By: Ardis E. Parshall - September 03, 2013

The Tasks of Modern Citizenship

By Dr. G. Homer Durham
Head of Political Science Department, University of Utah

“Render therefore unto Caesar the things which are Caesar’s; and unto God the things that are God’s.” (Matthew 22:21)

The incident calling forth this statement of Jesus may be forgotten. But the force of the message involved carries down to modern times. What things shall be rendered unto Caesar? What loyalties? What demands may modern government make upon the individual in the name of the State? What things are due only to God? Conversely, what are the rights of the individual, if any, in the State? In the Church? What demands may the Church properly make upon the individual, with what methods? Should religious organizations, the churches, set the example for modern governments in dealings with the individual? Most men would agree that an ideal religious institution should properly set the example, not only by precept, but by living institutional practice.

The eleventh article of faith declares:

We claim the privilege of worshiping Almighty God according to the dictates of our own conscience, and allow all men the same privilege, let them worship how, where, or what they may.

The twelfth article of faith says:

We believe in being subject to kings, presidents, rulers, and magistrates, in obeying, honoring, and sustaining the law.

The Declaration of Belief Regarding Governments and Laws in General (D. & C. 134:2) suggests that the following human rights should be held inviolate:

1. The free exercise of conscience
2. The control of property
3. The right to life

These doctrines require respect for God and Church, for the State and government, and also for the individual. The worth of the individual soul and its free agency receive the highest of all values in the gospel. As God respects the rights of man and “will force no man to heaven,” so the restored Church claims no prerogatives of social action over the minds or bodies of men. The Declaration on Governments and Laws reserves to the Church a single sanction or enforcement power – the power of excommunication. And as Thomas Jefferson once wrote, such action”neither picks my pocket nor bites my leg” – although serious social, economic, and physical consequences may follow spiritual loss. Section 121 of the Doctrine and Covenants says “Amen to the priesthood or the authority” of any man who undertakes to exercise unrighteous dominion over the souls of men. The Church, in its own government, not only respects the individual rights and testimony of the membership, but in applying rules of Church discipline and government, utilizes the doctrine of common consent as revealed to the prophet Joseph Smith. (See D. & C. 20:65, 67, 81-82; 26:2; 28:10-13; 41:2; 107:12, 27, 32, 82-84.) Thus, properly developed, the restored Church respects the individual rights of man, individually and collectively.

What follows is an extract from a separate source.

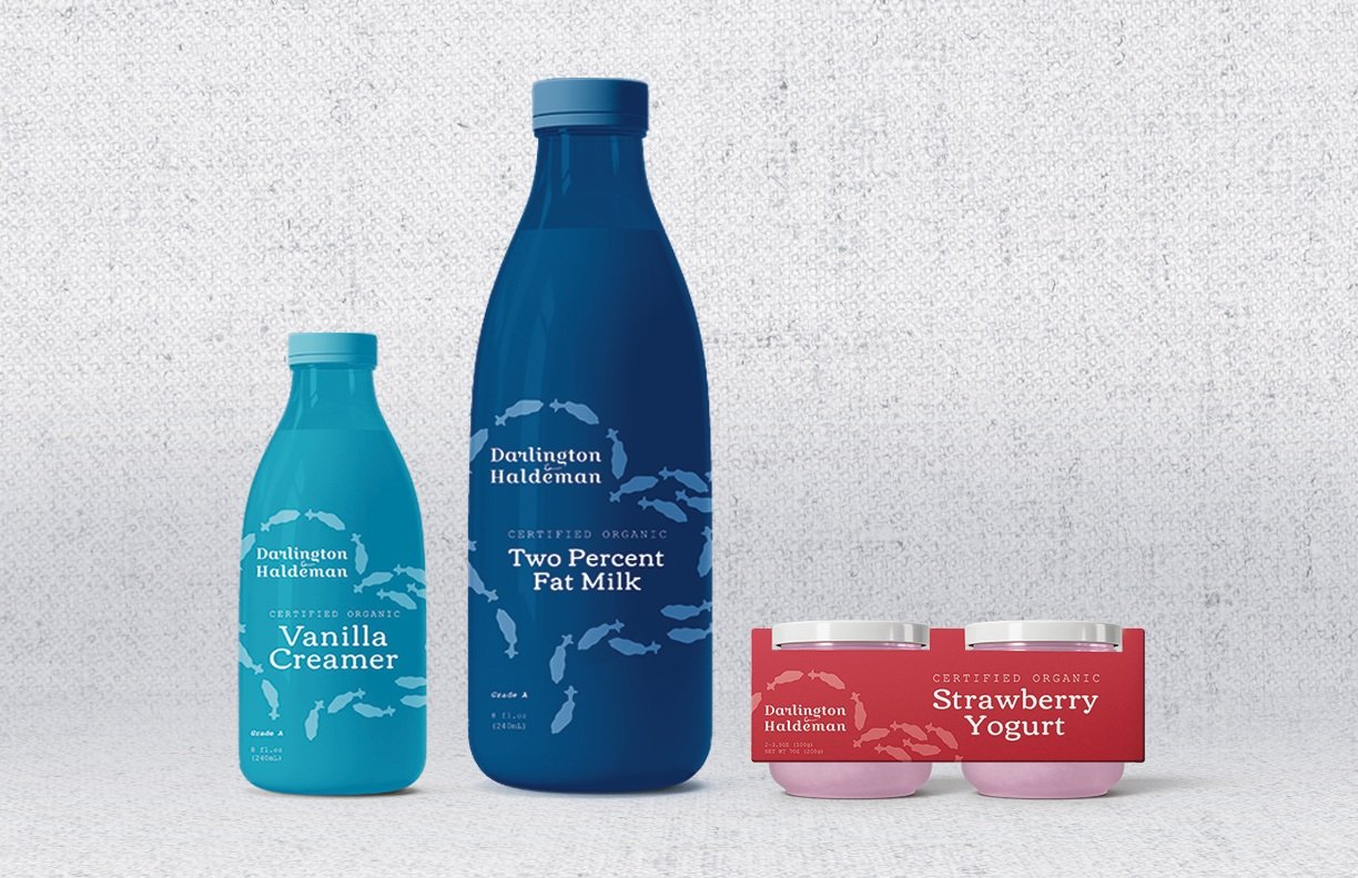The main goal for the design of Darlington & Haldeman was to highlight ethical farming in a brand new way. To stray from the tropes of real cows on white packs we currently seen on dairy shelfs and find a more contemporary and eye catching way to celebrate respectful farming.

Although the Priesthood is restored and could function as Priesthood, the Church as a Church, modern revelation makes clear, cannot function as a church without the law of common consent and the free, voluntary support of its members. This doctrine provides an excellent example and parallel for the tasks of modern citizenship. For, without individual rights there could be no effective citizenship. A totalitarian church could not qualify as the true church, respecting the free agency of man. Similarly, a totalitarian State substitutes abject obedience and slavish consent for intelligent, active citizenship. The probation of man, the gospel plan, requires freedom of conscience as the basis of both Church membership and citizenship. The Lord’s respect for the things of Caesar is only another way of indicating his divine respect for the free agency of man as a fundamental truth.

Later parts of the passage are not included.